We hope you don’t need us, but if you do, Plessen’s Urgent Care in Sunny Isles is open seven days a week and treats patients ages two and older. Below are some guidelines for when you should visit Urgent Care vs. the Emergency Room.
When to Seek Urgent Care
While many injuries don’t require a trip to the Emergency Room, still some require a medical assessment. At Plessen Healthcare we like to say that not all urgencies are emergencies. Many injuries can be handled by our experienced, professional staff at Urgent Care. Plessen Urgent Care is here for non-life-threatening injuries.
Heat Exhaustion and Heat/Sun Stroke
- Know the signs. High temperatures and humidity can cause life-threatening illness if untreated. Avoid strenuous activity in high temperatures and drink plenty of fluids. If you or the patient experience heavy sweating, fatigue, excessive thirst, muscle cramps, dark urine, faintness, nausea, and headaches, seek medical attention at Urgent Care.

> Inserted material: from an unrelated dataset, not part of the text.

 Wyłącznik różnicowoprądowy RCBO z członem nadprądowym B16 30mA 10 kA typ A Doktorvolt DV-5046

- When to head to the Emergency Room: Call 911 or head straight to the ER if you or the patient experience temperatures of 103F or higher, vomiting, seizures or unconsciousness. These symptoms can indicate heatstroke which can cause lasting brain damage and be life-threatening.
Tears and Breaks
- With onsite digital x-ray and trained Radiology Technologists on staff, Plessen Urgent Care can handle most broken bones, strains and sprains.
- When to head to the Emergency Room: Bone breaks of the rib, sternum, spine, skull, facial, pelvic, lumbar, and multiple body fractures should be handled at the ER. Additionally, if the bone has protruded the skin or if the patient is disoriented or unconscious.

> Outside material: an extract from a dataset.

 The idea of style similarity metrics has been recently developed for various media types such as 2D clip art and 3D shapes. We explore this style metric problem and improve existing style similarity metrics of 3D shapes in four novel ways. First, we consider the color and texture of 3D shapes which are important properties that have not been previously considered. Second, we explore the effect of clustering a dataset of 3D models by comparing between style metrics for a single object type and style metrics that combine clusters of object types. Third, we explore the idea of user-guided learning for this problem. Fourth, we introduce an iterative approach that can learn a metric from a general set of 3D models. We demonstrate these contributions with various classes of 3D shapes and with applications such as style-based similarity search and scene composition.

- Second Degree burns and sunburns can be treated at Urgent Care. These are burns that are red, blistered, swollen, and painful.
- When to head to the Emergency Room: You should proceed directly to the ER for third and fourth degree burns or burns that cover more than 8% of the patient’s body.
- Avoid long waist at the ER and head to Urgent Care with non-life-threatening wounds, minor bites, and cuts or lacerations that have straight edges and may require stitches.
- When to head to the Emergency Room: If a wound won’t stop bleeding or has spurting blood from a vein or artery, or you can see through to muscles and bone, head directly to the ER.
- Unfortunately, summer heat and beach picnics can lead to food spoilage and resulting cases of food poisoning. If you have a stomach bug or suspect food poisoning, head to Urgent Care.
- When to head to the Emergency Room: If the patient has a fever of 101 or higher, severe dehydration, trouble swallowing or blood in their stool, seek treatment at the ER.
- Bumps and blows to the head can be serious, especially in children. Watch for signs of severe headache and nausea. If you or your child experiences these without loss of consciousness, head to Urgent Care immediately.
- When to head to the Emergency Room: If the injured person has lost consciousness, experiences disorientation or vomiting, head straight to the ER.
Whenever in doubt of illness or injury, head to Urgent Care for evaluation. Plessen Urgent Care is open seven days per week: Monday through Friday from 7 am to 7pm, Saturday and Sunday from 8am to 2 pm in Sunny Isles on St Croix.